**Task prompt:** In the material below, find the span from the line with "بنیاد سعدی در" to the line with "Sandales plates bohèmes" and transcribe only those lines, exactly, ends included, without the pictures.

**Data for the task:**
■ ■ ■ ■

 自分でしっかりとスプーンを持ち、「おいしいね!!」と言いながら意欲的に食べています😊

■ ■ ■ ■

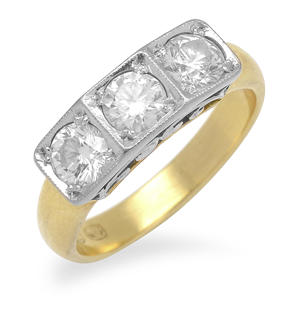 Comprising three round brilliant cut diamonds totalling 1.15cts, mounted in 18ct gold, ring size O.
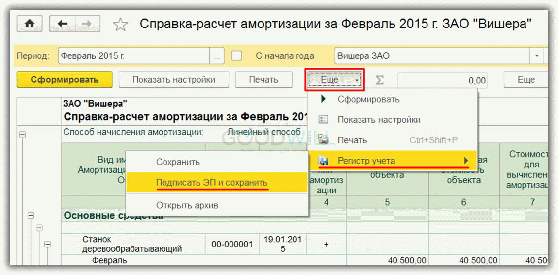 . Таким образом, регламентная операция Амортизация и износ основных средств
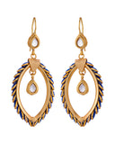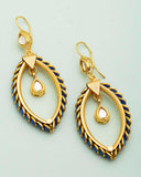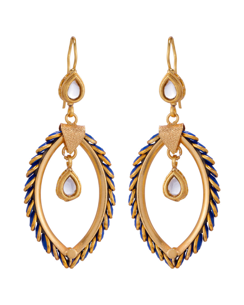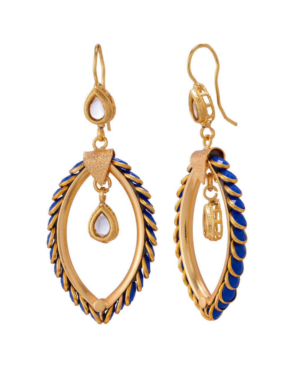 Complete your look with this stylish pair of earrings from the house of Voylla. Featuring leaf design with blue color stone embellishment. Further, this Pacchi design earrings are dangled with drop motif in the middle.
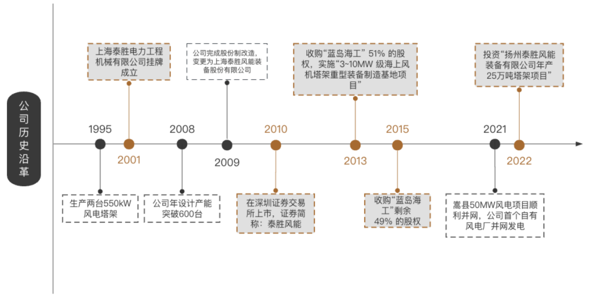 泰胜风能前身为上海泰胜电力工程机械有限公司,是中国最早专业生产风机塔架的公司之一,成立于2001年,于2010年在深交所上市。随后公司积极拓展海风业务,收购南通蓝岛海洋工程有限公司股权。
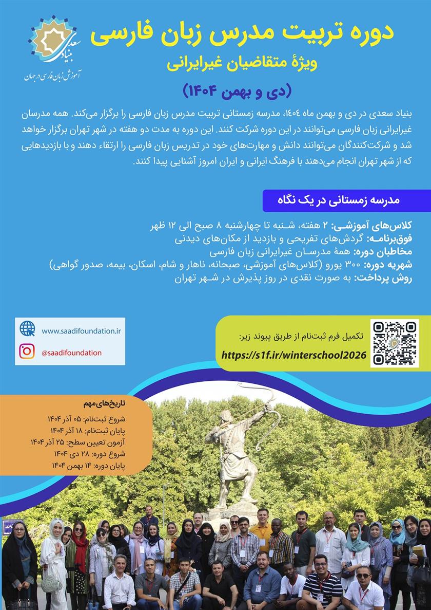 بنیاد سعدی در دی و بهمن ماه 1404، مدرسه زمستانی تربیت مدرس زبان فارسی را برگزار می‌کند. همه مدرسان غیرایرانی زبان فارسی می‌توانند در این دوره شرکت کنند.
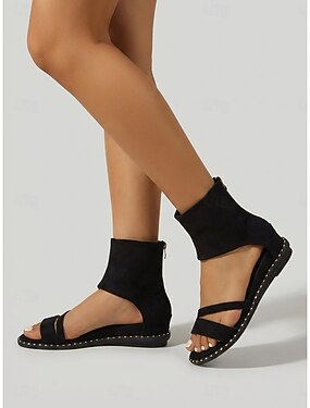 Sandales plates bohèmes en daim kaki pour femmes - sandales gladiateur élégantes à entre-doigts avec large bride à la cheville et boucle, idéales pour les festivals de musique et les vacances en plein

■ ■ ■ ■

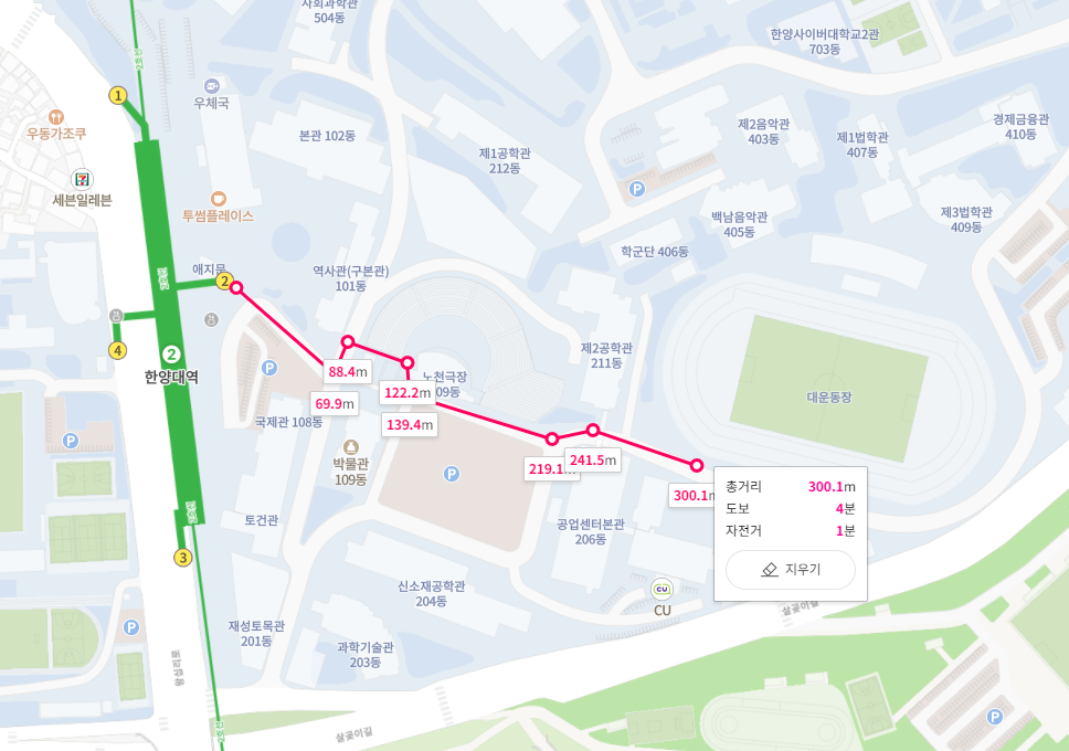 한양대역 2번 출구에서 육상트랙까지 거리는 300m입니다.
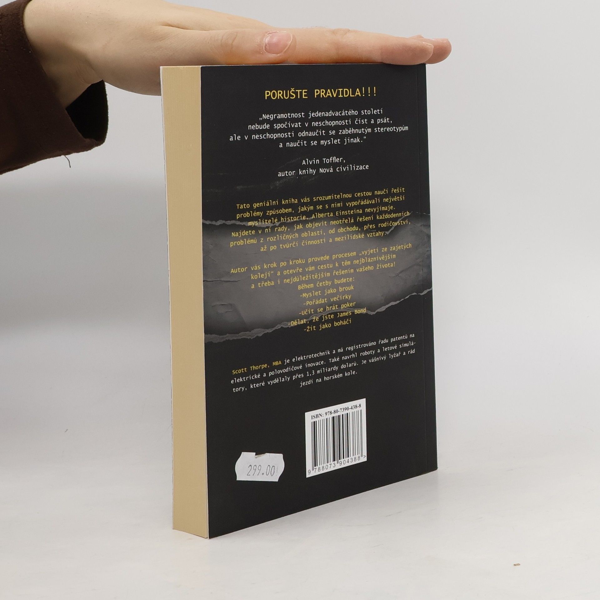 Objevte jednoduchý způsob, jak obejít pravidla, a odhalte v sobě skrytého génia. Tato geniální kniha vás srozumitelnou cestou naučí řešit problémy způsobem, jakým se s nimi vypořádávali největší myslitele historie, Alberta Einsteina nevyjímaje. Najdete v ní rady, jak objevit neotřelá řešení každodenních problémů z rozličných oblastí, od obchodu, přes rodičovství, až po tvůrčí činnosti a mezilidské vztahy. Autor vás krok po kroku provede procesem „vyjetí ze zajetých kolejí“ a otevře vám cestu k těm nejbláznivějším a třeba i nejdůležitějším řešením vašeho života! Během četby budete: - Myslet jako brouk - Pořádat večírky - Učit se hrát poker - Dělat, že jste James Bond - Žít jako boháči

■ ■ ■ ■

**Answer to the exercise:**
 بنیاد سعدی در دی و بهمن ماه 1404، مدرسه زمستانی تربیت مدرس زبان فارسی را برگزار می‌کند. همه مدرسان غیرایرانی زبان فارسی می‌توانند در این دوره شرکت کنند.
 Sandales plates bohèmes en daim kaki pour femmes - sandales gladiateur élégantes à entre-doigts avec large bride à la cheville et boucle, idéales pour les festivals de musique et les vacances en plein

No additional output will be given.